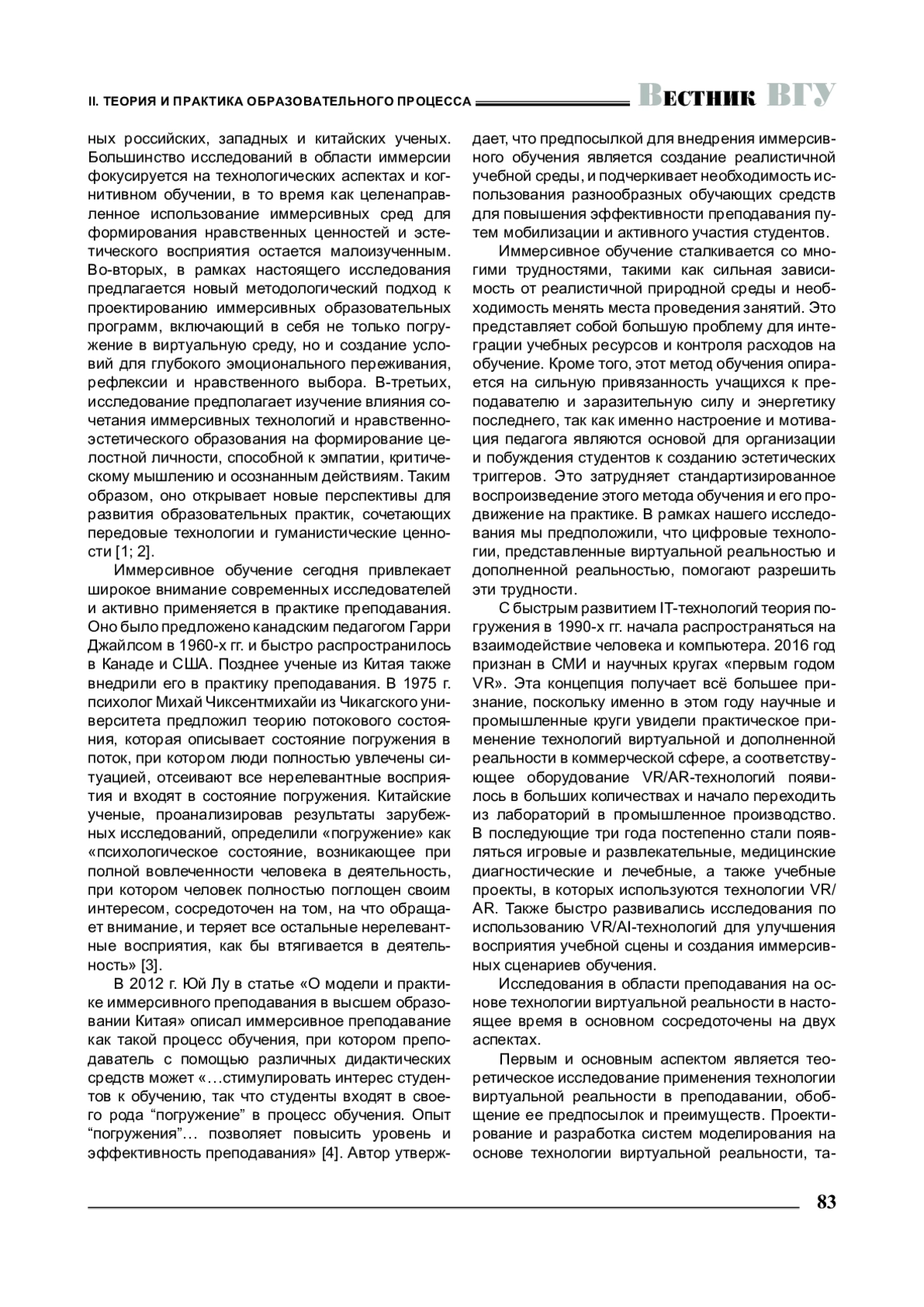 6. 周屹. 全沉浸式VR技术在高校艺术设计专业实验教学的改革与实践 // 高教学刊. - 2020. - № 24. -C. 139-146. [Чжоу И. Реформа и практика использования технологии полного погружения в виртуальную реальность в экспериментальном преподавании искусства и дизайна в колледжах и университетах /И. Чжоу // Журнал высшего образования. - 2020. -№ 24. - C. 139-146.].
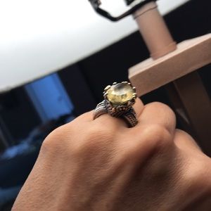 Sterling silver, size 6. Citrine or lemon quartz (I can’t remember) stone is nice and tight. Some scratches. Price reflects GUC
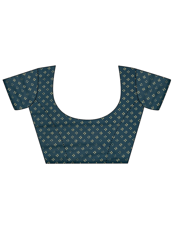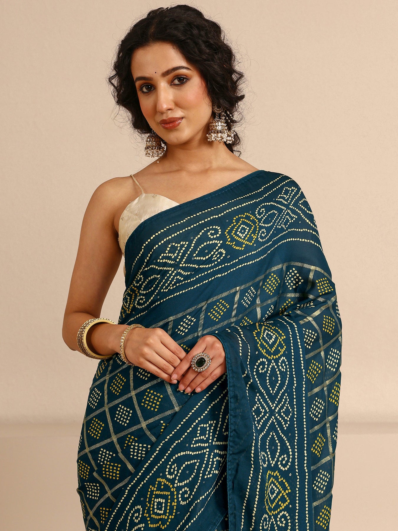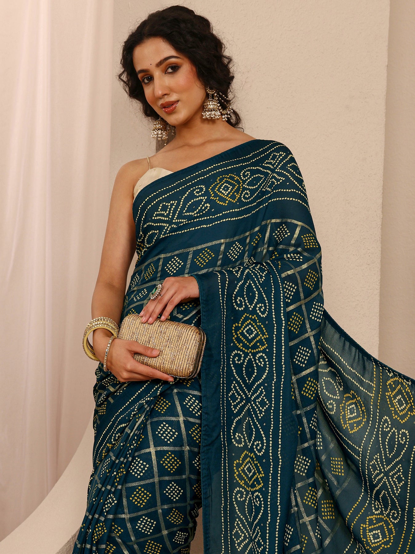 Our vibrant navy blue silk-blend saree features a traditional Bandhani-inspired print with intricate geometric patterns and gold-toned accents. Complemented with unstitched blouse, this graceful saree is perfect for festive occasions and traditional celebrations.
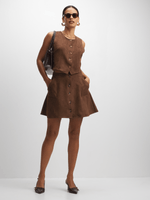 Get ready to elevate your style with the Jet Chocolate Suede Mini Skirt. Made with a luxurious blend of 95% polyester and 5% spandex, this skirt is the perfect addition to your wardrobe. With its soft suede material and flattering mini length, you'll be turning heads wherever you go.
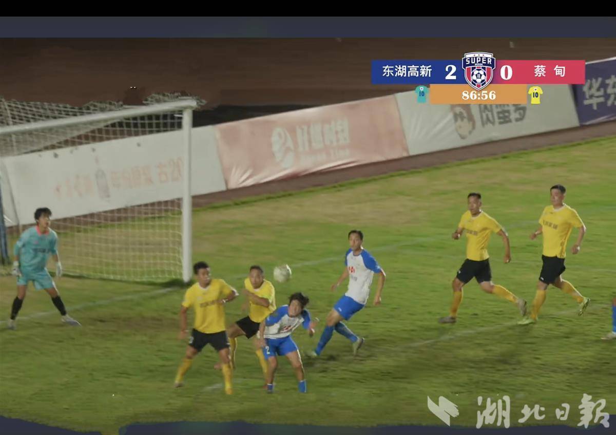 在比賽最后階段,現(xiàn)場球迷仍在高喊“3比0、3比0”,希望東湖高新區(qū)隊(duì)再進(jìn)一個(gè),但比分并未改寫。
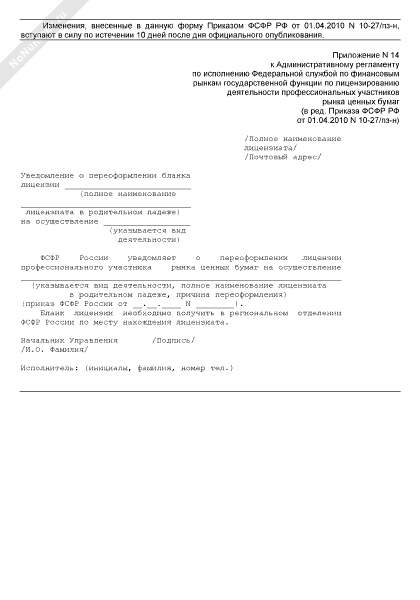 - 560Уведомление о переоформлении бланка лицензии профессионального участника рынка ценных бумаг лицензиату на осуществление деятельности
■ ■ ■ ■
• WHAT YOU SHOULD DO
The lines to copy run from the line containing "Get ready to" through the end of the data above; copy exactly those, minus the pictures.

• COMPLETED EXERCISE
 Get ready to elevate your style with the Jet Chocolate Suede Mini Skirt. Made with a luxurious blend of 95% polyester and 5% spandex, this skirt is the perfect addition to your wardrobe. With its soft suede material and flattering mini length, you'll be turning heads wherever you go.
 在比賽最后階段,現(xiàn)場球迷仍在高喊“3比0、3比0”,希望東湖高新區(qū)隊(duì)再進(jìn)一個(gè),但比分并未改寫。
 - 560Уведомление о переоформлении бланка лицензии профессионального участника рынка ценных бумаг лицензиату на осуществление деятельности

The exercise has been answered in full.